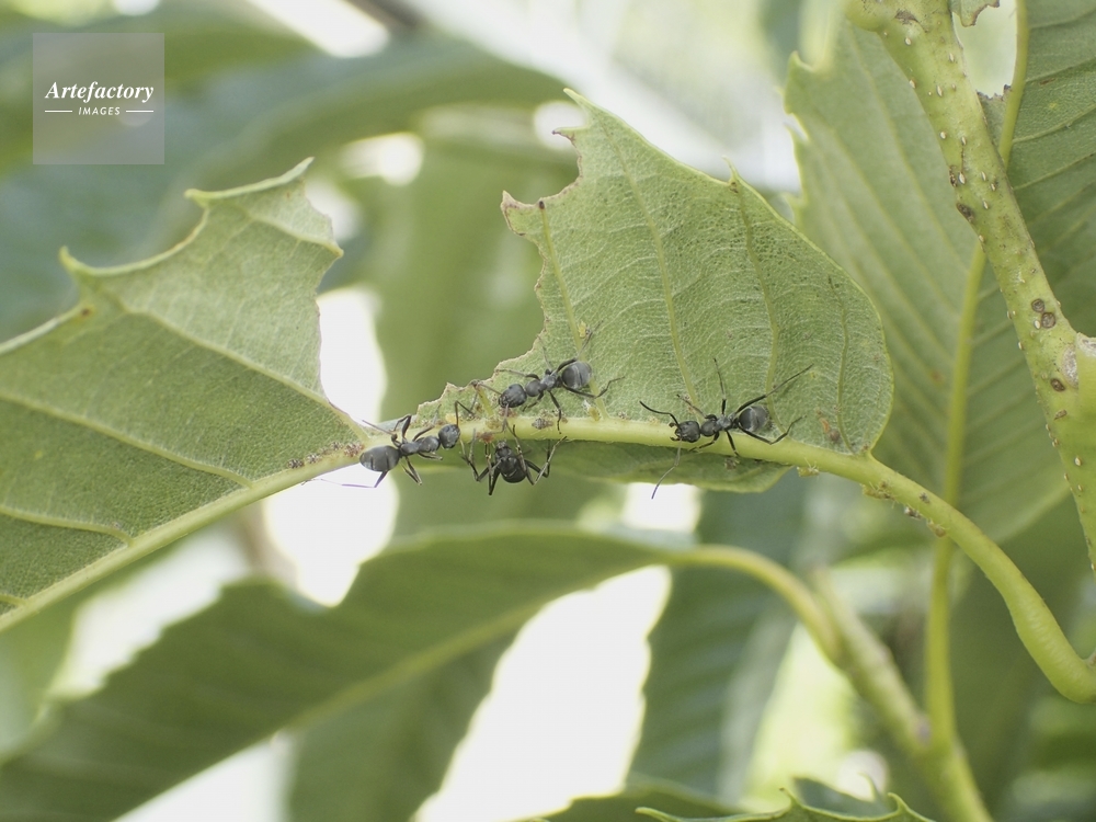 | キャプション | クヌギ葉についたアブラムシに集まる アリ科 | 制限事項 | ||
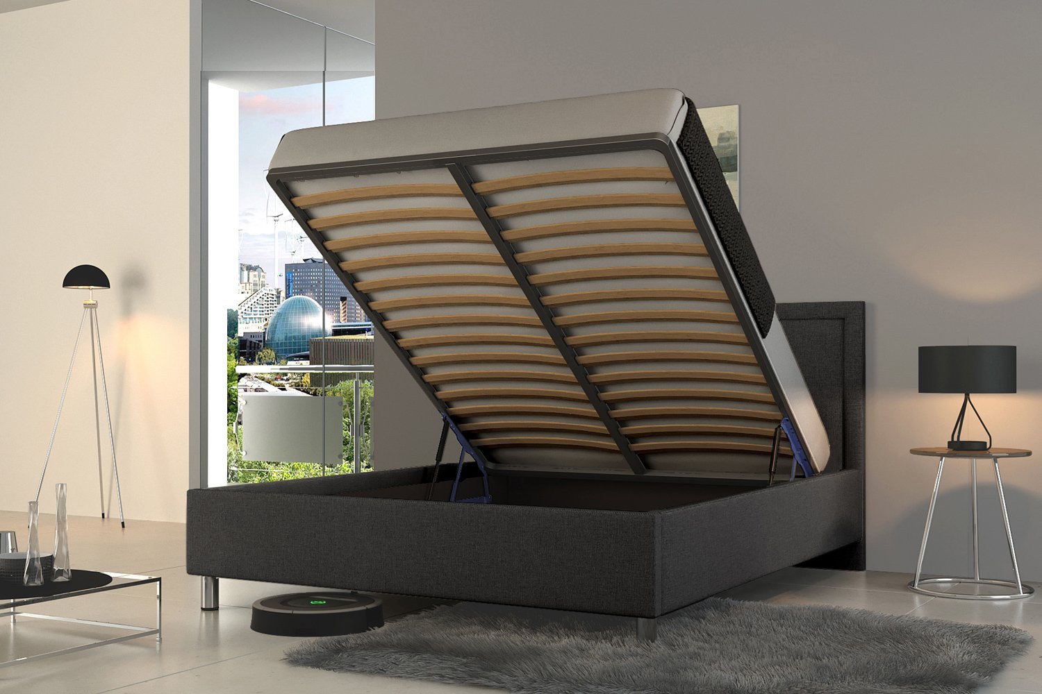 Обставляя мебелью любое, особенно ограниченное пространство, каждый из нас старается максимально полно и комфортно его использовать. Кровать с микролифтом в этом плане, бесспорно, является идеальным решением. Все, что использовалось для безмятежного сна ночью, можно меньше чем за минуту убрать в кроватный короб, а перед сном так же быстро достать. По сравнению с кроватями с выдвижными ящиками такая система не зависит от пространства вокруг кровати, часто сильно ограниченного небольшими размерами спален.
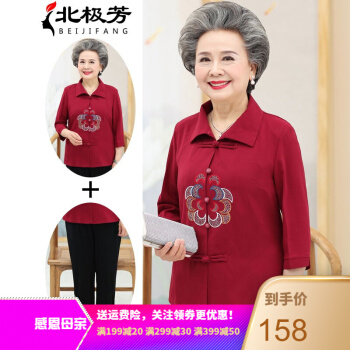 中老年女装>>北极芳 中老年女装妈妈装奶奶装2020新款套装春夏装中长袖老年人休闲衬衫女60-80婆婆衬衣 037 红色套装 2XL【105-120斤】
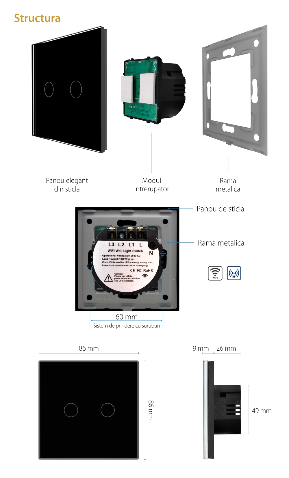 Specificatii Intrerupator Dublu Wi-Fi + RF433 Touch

• Task objective: Write out the material above precisely, leaving each picture behind.

• Exercise response:
 | キャプション | クヌギ葉についたアブラムシに集まる アリ科 | 制限事項 | ||
 Обставляя мебелью любое, особенно ограниченное пространство, каждый из нас старается максимально полно и комфортно его использовать. Кровать с микролифтом в этом плане, бесспорно, является идеальным решением. Все, что использовалось для безмятежного сна ночью, можно меньше чем за минуту убрать в кроватный короб, а перед сном так же быстро достать. По сравнению с кроватями с выдвижными ящиками такая система не зависит от пространства вокруг кровати, часто сильно ограниченного небольшими размерами спален.
 中老年女装>>北极芳 中老年女装妈妈装奶奶装2020新款套装春夏装中长袖老年人休闲衬衫女60-80婆婆衬衣 037 红色套装 2XL【105-120斤】
 Specificatii Intrerupator Dublu Wi-Fi + RF433 Touch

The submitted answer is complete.